Emit a verbatim copy of the lines below from the line with "A simplified schematic" through the line with "taken on or after 13 September 2025.", excluding pictures and everything outside that range.

#### [GIVEN INFORMATION]
'''
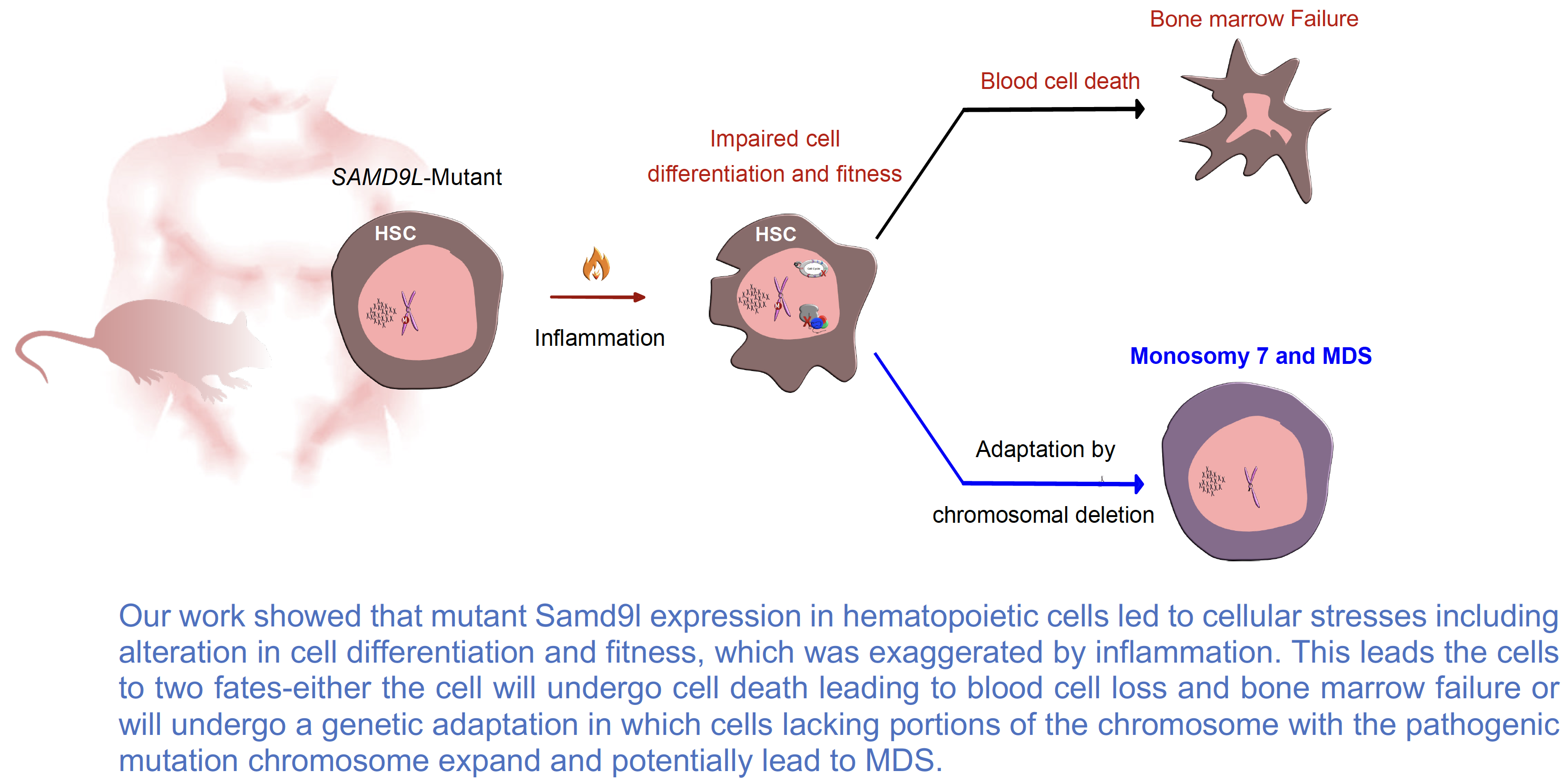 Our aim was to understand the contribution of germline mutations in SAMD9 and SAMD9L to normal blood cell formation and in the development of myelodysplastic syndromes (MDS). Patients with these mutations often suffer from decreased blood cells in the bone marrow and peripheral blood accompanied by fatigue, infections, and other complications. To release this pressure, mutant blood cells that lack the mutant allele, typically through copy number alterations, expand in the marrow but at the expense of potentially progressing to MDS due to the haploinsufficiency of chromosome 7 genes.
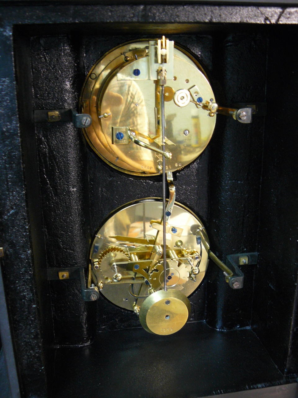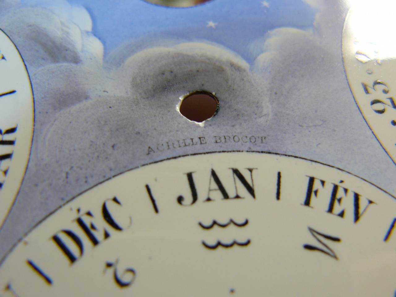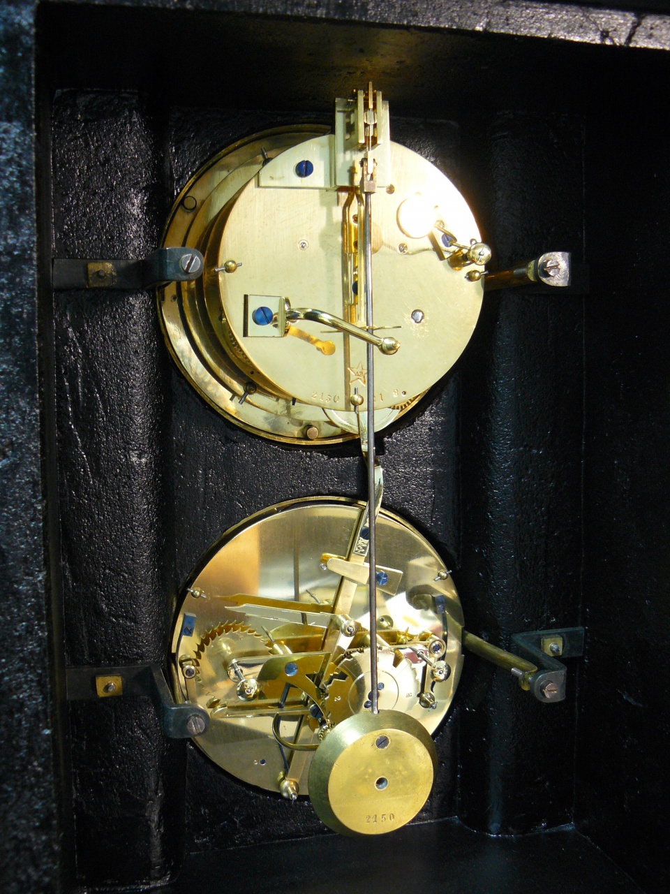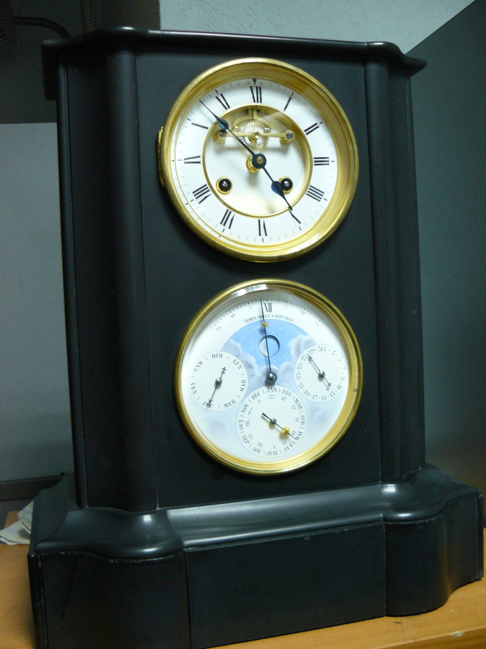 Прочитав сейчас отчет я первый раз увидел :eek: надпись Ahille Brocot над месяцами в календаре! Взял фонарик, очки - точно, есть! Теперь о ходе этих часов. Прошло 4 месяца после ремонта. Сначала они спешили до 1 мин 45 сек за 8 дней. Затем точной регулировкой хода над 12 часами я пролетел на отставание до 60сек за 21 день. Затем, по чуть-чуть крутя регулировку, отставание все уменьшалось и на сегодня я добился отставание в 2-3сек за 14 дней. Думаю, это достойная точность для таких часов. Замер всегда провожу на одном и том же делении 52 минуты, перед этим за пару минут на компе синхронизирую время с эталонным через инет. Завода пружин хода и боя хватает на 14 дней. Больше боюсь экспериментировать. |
'''
'''
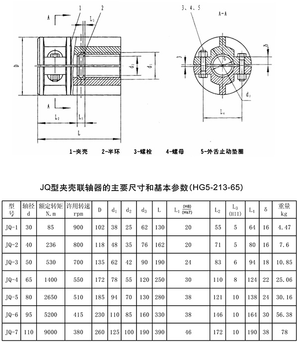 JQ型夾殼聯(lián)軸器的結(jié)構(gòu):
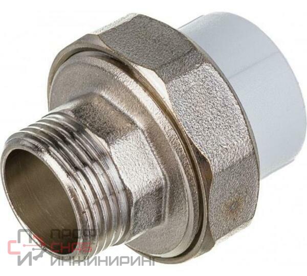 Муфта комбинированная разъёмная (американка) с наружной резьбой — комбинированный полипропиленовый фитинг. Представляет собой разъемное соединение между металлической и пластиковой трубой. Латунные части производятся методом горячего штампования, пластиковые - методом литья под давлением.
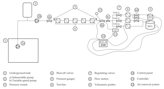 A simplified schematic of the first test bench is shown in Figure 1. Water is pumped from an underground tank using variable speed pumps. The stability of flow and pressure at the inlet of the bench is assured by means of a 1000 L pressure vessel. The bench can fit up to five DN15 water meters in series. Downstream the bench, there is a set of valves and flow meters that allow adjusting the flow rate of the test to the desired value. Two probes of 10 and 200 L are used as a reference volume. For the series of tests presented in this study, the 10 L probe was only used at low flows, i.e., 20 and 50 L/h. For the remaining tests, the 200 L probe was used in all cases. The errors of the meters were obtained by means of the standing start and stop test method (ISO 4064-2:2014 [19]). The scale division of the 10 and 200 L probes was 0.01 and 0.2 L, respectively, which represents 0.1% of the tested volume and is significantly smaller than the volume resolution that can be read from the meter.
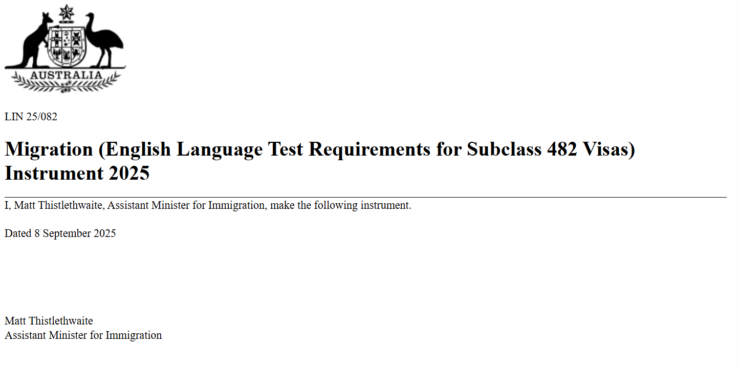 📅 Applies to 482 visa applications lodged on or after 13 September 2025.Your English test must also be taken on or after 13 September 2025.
'''
#### [ANSWER SECTION]
 A simplified schematic of the first test bench is shown in Figure 1. Water is pumped from an underground tank using variable speed pumps. The stability of flow and pressure at the inlet of the bench is assured by means of a 1000 L pressure vessel. The bench can fit up to five DN15 water meters in series. Downstream the bench, there is a set of valves and flow meters that allow adjusting the flow rate of the test to the desired value. Two probes of 10 and 200 L are used as a reference volume. For the series of tests presented in this study, the 10 L probe was only used at low flows, i.e., 20 and 50 L/h. For the remaining tests, the 200 L probe was used in all cases. The errors of the meters were obtained by means of the standing start and stop test method (ISO 4064-2:2014 [19]). The scale division of the 10 and 200 L probes was 0.01 and 0.2 L, respectively, which represents 0.1% of the tested volume and is significantly smaller than the volume resolution that can be read from the meter.
 📅 Applies to 482 visa applications lodged on or after 13 September 2025.Your English test must also be taken on or after 13 September 2025.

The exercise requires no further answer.